= Jagjit Chuhan =

Indian-British artist and curator

Jagjit Chuhan (born 1955) is an Indian-British artist, art curator and art lecturer. She is Professor of International Art at Liverpool John Moores University.

==Life==
Jagjit Chuhan was born in 1955 in Punjab, India. She trained at the Slade School of Fine Art from 1973 to 1977.

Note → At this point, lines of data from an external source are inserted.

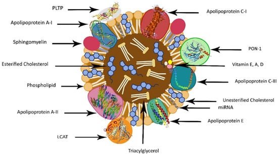 Over the past few decades, there has been increased interest in the structure of HDL. Furthermore, an HDL particle comprises a central core of esterified cholesterol, surrounded by a surface monolayer of phospholipids, free cholesterol, and apolipoproteins []. The predominant lipid composition of HDL comprises 35–50% phospholipids, 30–40% cholesterol esters, 5–12% triglycerides, 5–10% sphingolipids, and 5–10% free cholesterol []. Comprising more than 200 lipid species, HDL can be categorized into neutral hydrophobic lipids and amphipathic lipids []. The former includes esterified cholesterol and triglycerides within the core, while the latter consists of free cholesterol and phospholipids, primarily on the HDL surface. Recent studies revealed that some of the lipids that are carried by HDL can be changed into potent bioactive molecules. For instance, phosphatidylcholine (PC), the most prevalent phospholipid in HDL, is extremely susceptible to oxidation, which after hydrolysis generates the highly reactive and damaging Lysophosphatidylcholine (LPC) [].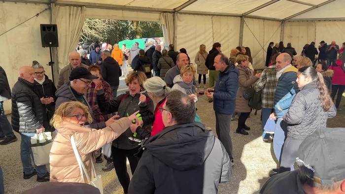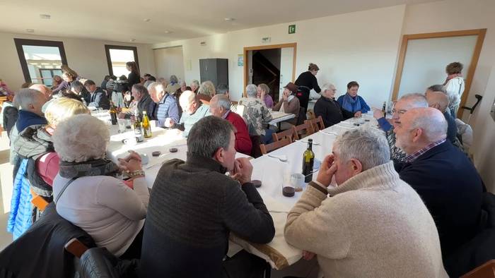 Eltxoak meza entzun ondoren, kalejiran joan dira kultur etxera, atarian fandangoa eta arin arina dantzatuta, festak etenik izan ez dezan, salda beroak indartu ditu.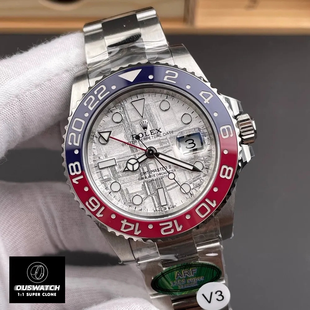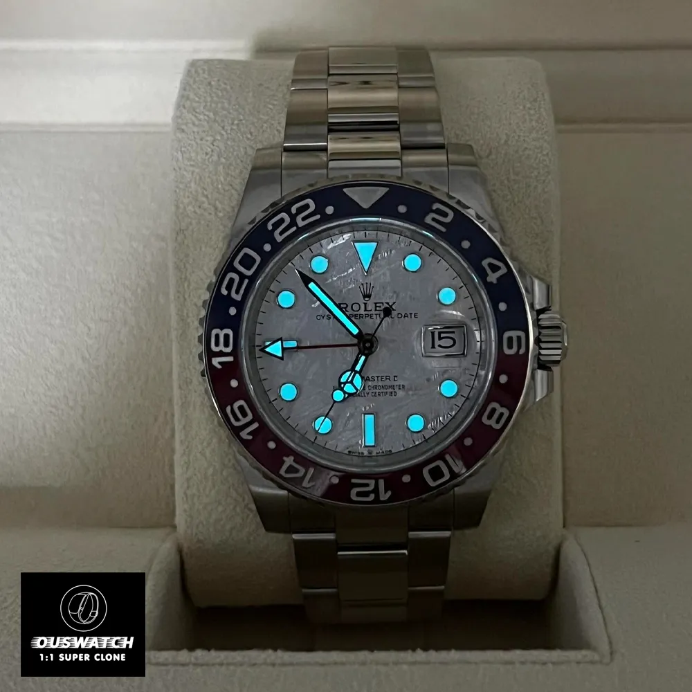This clone meets common needs of luxury watch seekers on a budget. It provides the premium look of a Rolex GMT-Master II — complete with the vivid Pepsi bezel and exotic meteorite dial (a highly coveted feature in horology) — at a fraction of the genuine model’s cost. Searchers of terms like “Rolex GMT Master for sale” or “cheap Rolex watches” will find that this replica delivers the original’s style and GMT functionality without the high price tag, making it an outstanding affordable luxury choice.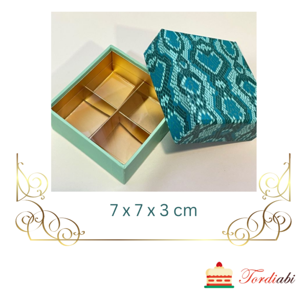 Esileht / Kõik torditegemiseks vajalik VÄRVIDE KAUPA / Sinine / Türkiissinise mustriga kommikarp 4-le kommile, läikiv sisu – 7 x 7 x 3 cm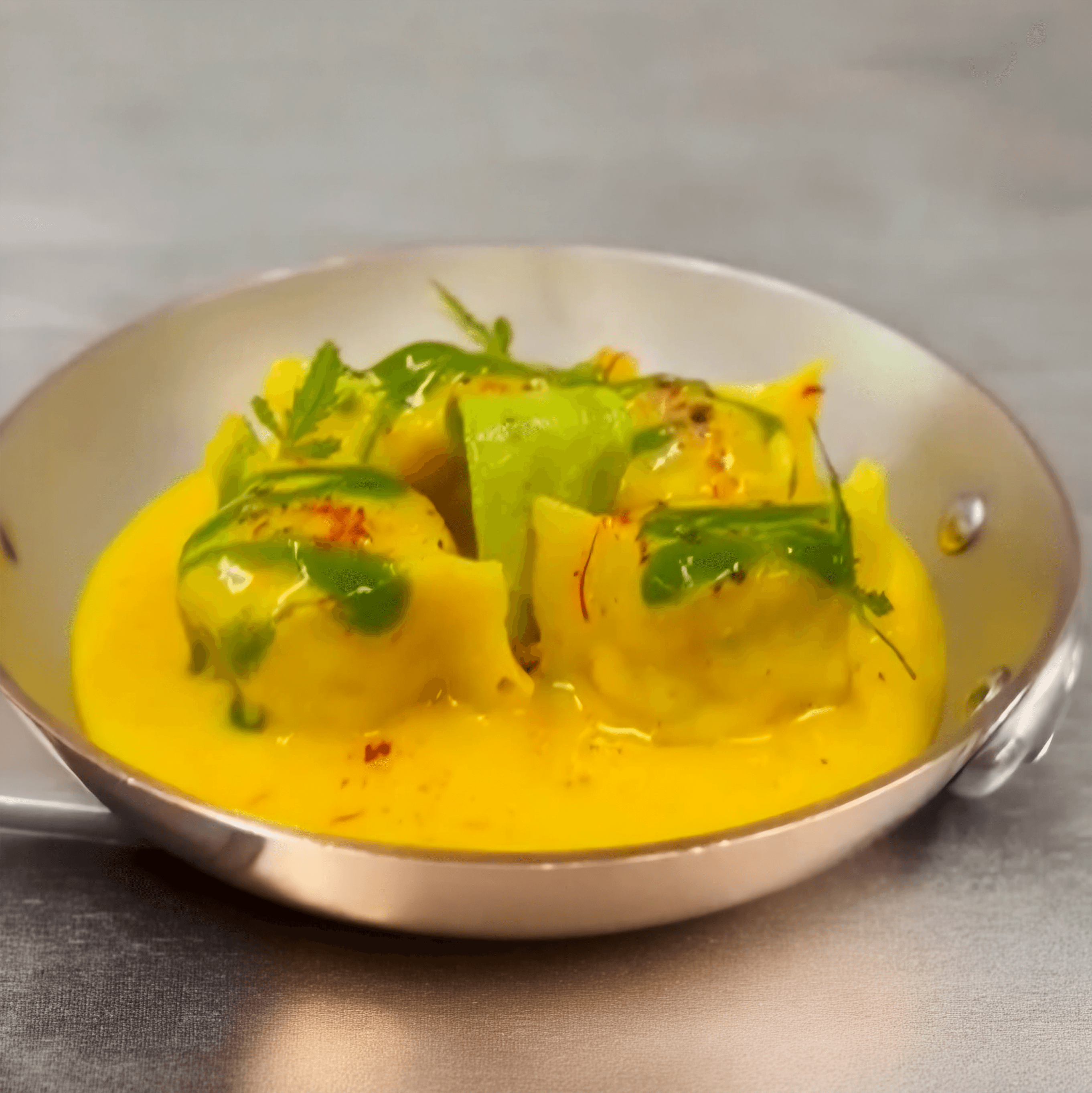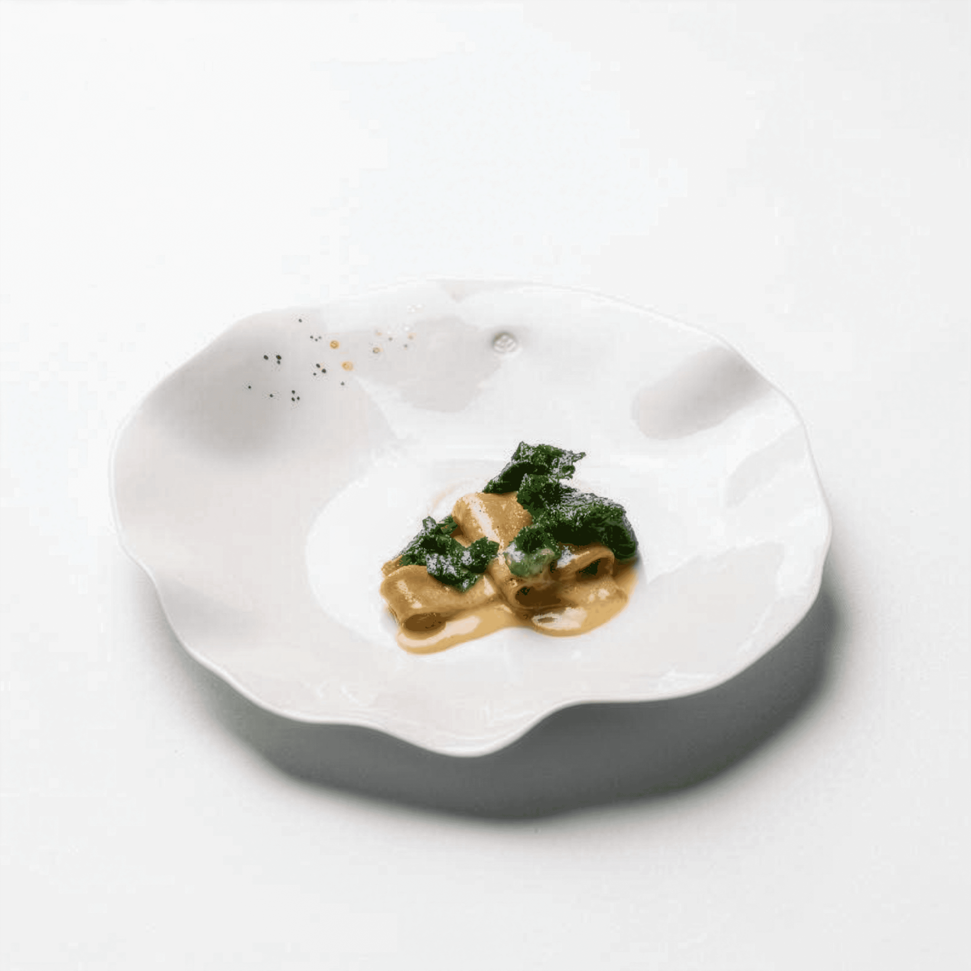 Stendi un velo sottile di beurre blanc sul piatto. Disponi 4 o 5 plin. Aggiungi piccoli punti di pesto tra i plin. Termina aggiungendo una micro brunoise di pomodoro secco, le foglioline di sedano e la zest di lime. Servi con una saucière di beurre blanc, a parte se desideri fare la scarpetta.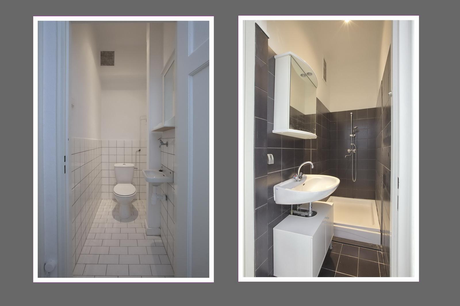 Toilet met fonteintje, badkamer met douche en wastafel. Boven de badkamer bevind een ruimte welke als een kleine opslag gebruikt kan worden.
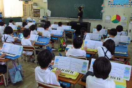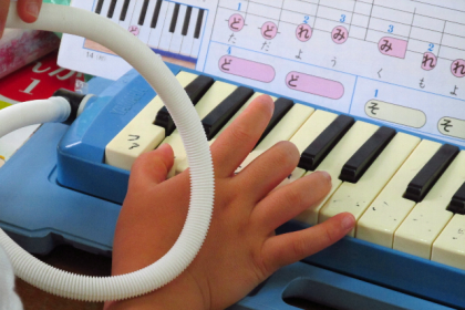 1年生の音楽の学習では、主に鍵盤ハーモニカを使います。少しずつ音階も増えてきて演奏できる曲も多くなってきているようです。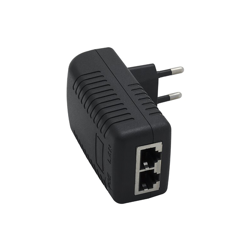 Инжектор совмещен в одном корпусе с электрической вилкой и вставляется непосредственно в розетку. В нижней части корпуса размещены два разъема RJ-45. Порт LAN соединяется с участком локальной сети или конечным сетевым прибором, а разъем POE — с устройством, на которое подается питание. Таким образом, инжектор буквально «подмешивает» электричество в линию, по которой передаются данные, и позволяет использовать один кабель для решения двух задач.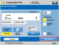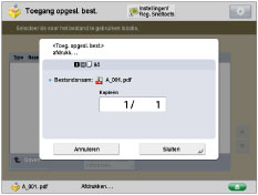 Om het afdrukken te annuleren, drukt u op [Annuleren]. (U kunt het afdrukken niet annuleren door op te drukken.)Om de volgende afdrukopdracht te reserveren, drukt u op [Sluiten] → volg de procedure voor het reserveren van een afdrukopdracht. (Zie "Reserveren van opdrachten.") |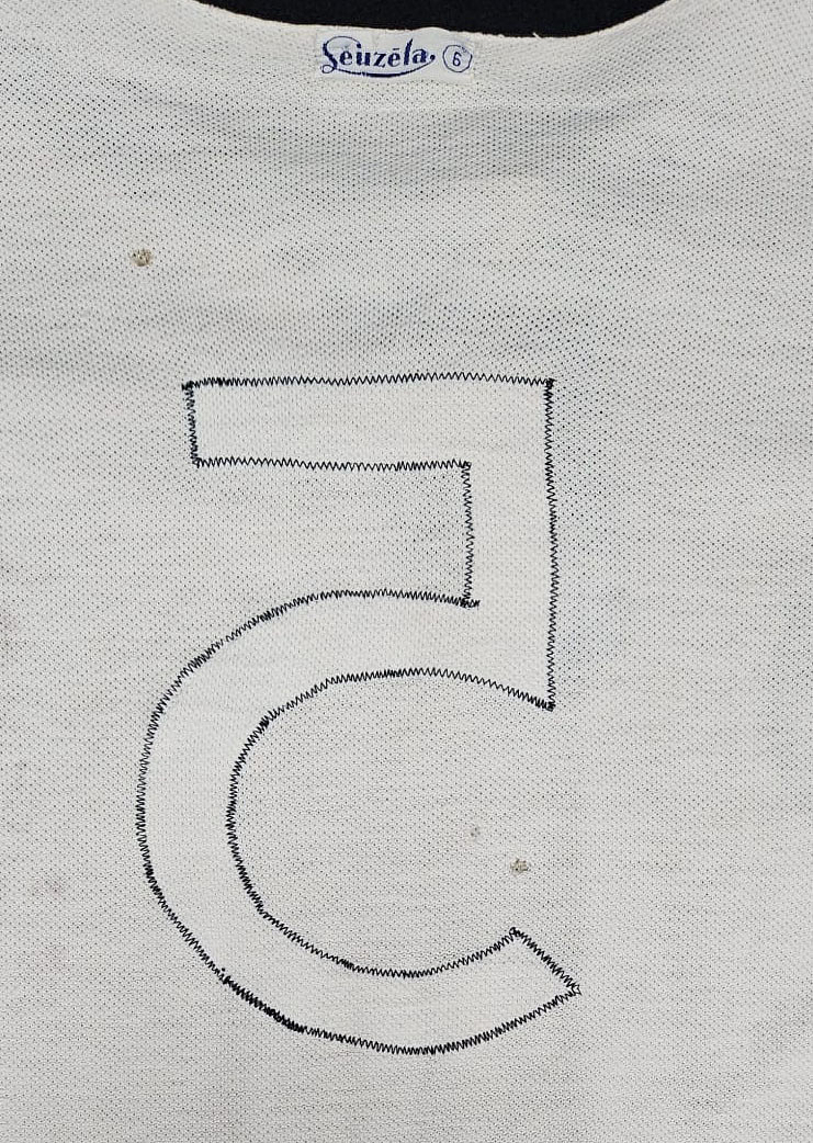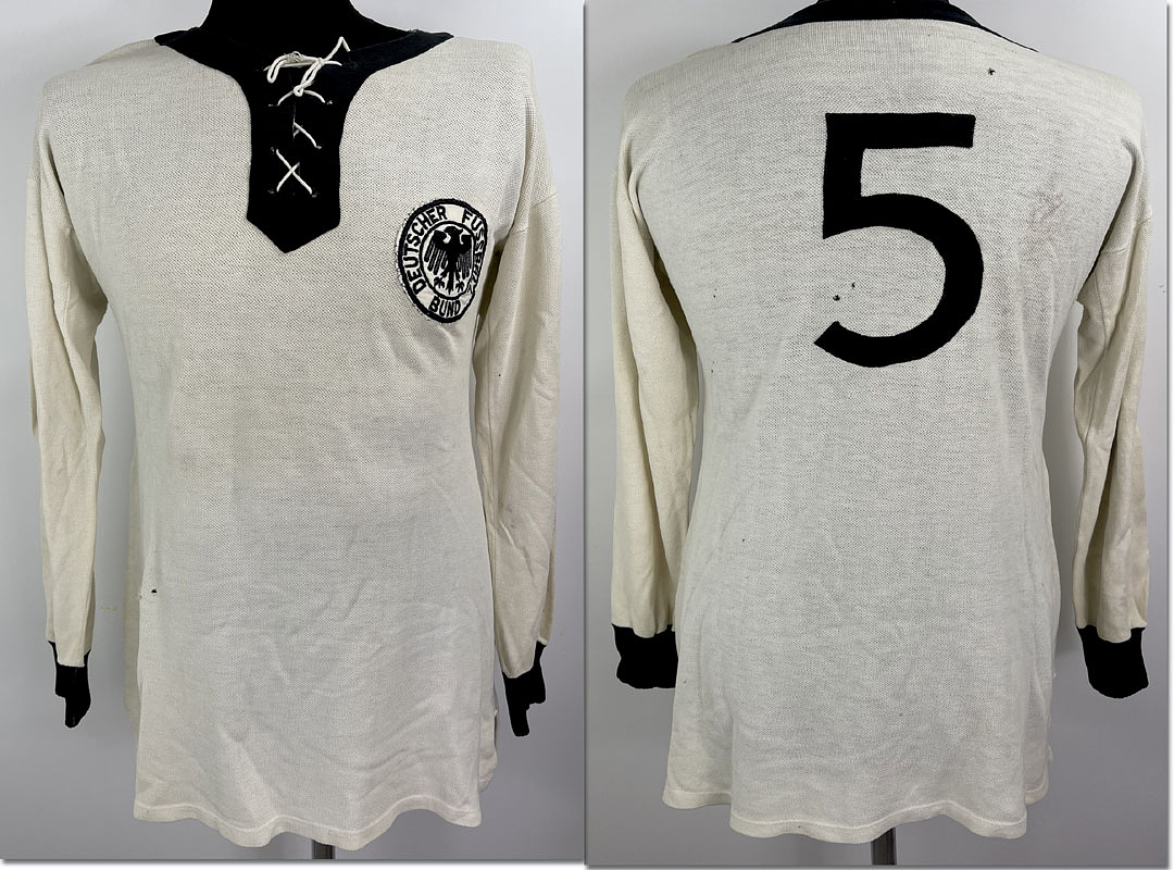 Original match-worn DFB player shirt with the number 5. Worn by Heinz Wewers during an international match in 1958. Wewers made twelve international appearances for the German national team between 1952 and 1958 and was part of the DFB squad during the 1958 World Cup in Sweden, where he played in the third-place match against Sweden. Longsleeve shirt; size 6; sewn-on DFB eagle; sewn-on Leuzela laundry logo; sewn-on back number; original lacing still in place; 100% cotton; status:ABA. --The consignor received this shirt directly from the estate of Heinz Wewers. Condition: B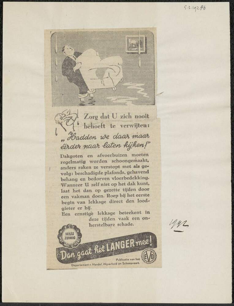 Vel met opgeplakte advertentie: "Zorg dat u zich noo...

Chuhan became Reader in Eclecticism in Art, and chair of the Centre for Art International Research (CAIR), at Liverpool John Moores University. In 1999 she collaborated with Laura Arison on 'an intimate mosaic' at the Senate House of the University of Liverpool. She also co-curated 'Lines of Desire', a drawing exhibition which toured internationally in 1999.

==Works==

===Exhibitions===
- 'New North', Tate Gallery Liverpool, 1991
- 'Indian Winter', Kapil Jariwala Gallery, London, 1995
- 'In the Looking Glass', Usher Gallery, Lincoln, 1996
- 'A long way from home – a painter's journey: new work by J. Chuhan', Lowry Centre, 2002–3.
- 'Parampara: Portraits by J. Chuhan - New perceptions of the British/South Asian experience', Shisha, Manchester, 2004.
- 'J Chuhan: Recent Paintings', Victoria Gallery & Museum, Liverpool, 2013.

===Books===
- (ed.) Responses – intercultural drawing practice. Liverpool : Liverpool School of Art and Design (Centre for Art International Research), 2001.
- (ed. with Angela Dimitrakaki and Emma Thomas) Re: trace dialogues : essays on contemporary art and culture. Liverpool: Liverpool School of Art and Design (Centre for Art International Research), 2002.
- (ed. with Fareda Khan and Sheila Maddison) Reflections: in conversation with artists from Bangladesh, India, Pakistan and Sri Lanka. Manchester: Shisha, 2004.